Заняться в Бриде было решительно нечем. Ни театра, ни оперы, ни шоколадниц… Одни только храмы и ничего, кроме храмов. Зилла посещала их все и каждый день возжигала сотни свечей. Платья, привезенные из Абаля, раздарила. Все свои драгоценности раздала уличным попрошайкам. А Озме даже ничего не объясняла. Не рассказывала ни о доме, ни о том, что задумала, ни о причинах, задерживающих их в Бриде и вынуждающих рядиться в добропорядочную экономку и ее сына. А если и прибегала к волшебству, то лишь к самому безобидному: чтоб тесто поднялось поскорее, или чтобы выяснить, стоит ли в этот день развешивать на дворе стирку.

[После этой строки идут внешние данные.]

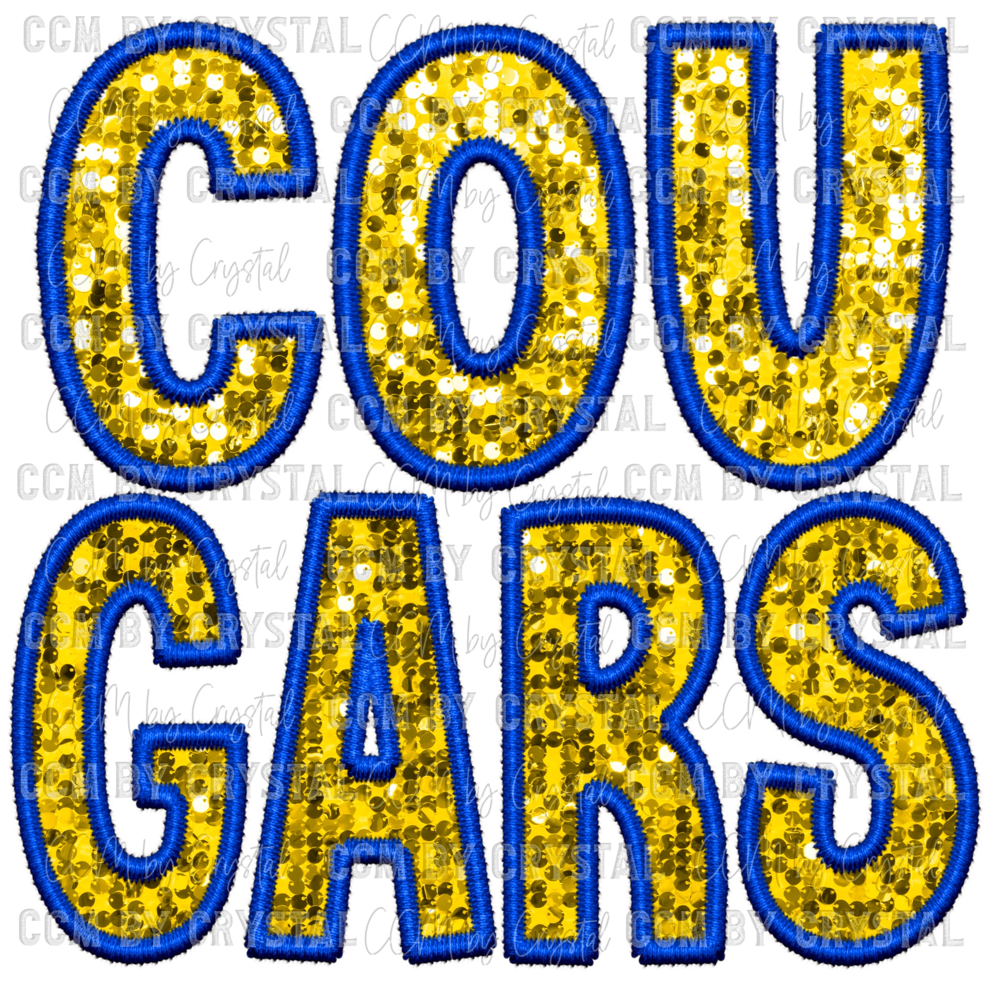 Cougars Mascot Faux Embroidery Faux Sequins PNG Digital File ONLY

Еще она изготовляла простенькие зелья для служанок, работавших в домах по соседству. И судьбы предсказывала – но предсказывала только хорошее. А ее «приворотные зелья» чаще всего состояли из меда и сахара, растворенного в вине. Платы за них Зилла не брала. Приходя в гости, соседские служанки рассаживались вокруг кухонного стола и начинали сплетничать. Чего только не рассказывали! Как сам господин мэр Брида выставил себя дураком – а все из-за любви. И о случайных отравлениях. И о тех, чьи матрасы якобы набиты мешками золота. И о младенцах, уроненных упившимися няньками темечком об пол. Но Зилла их, кажется, почти не слушала.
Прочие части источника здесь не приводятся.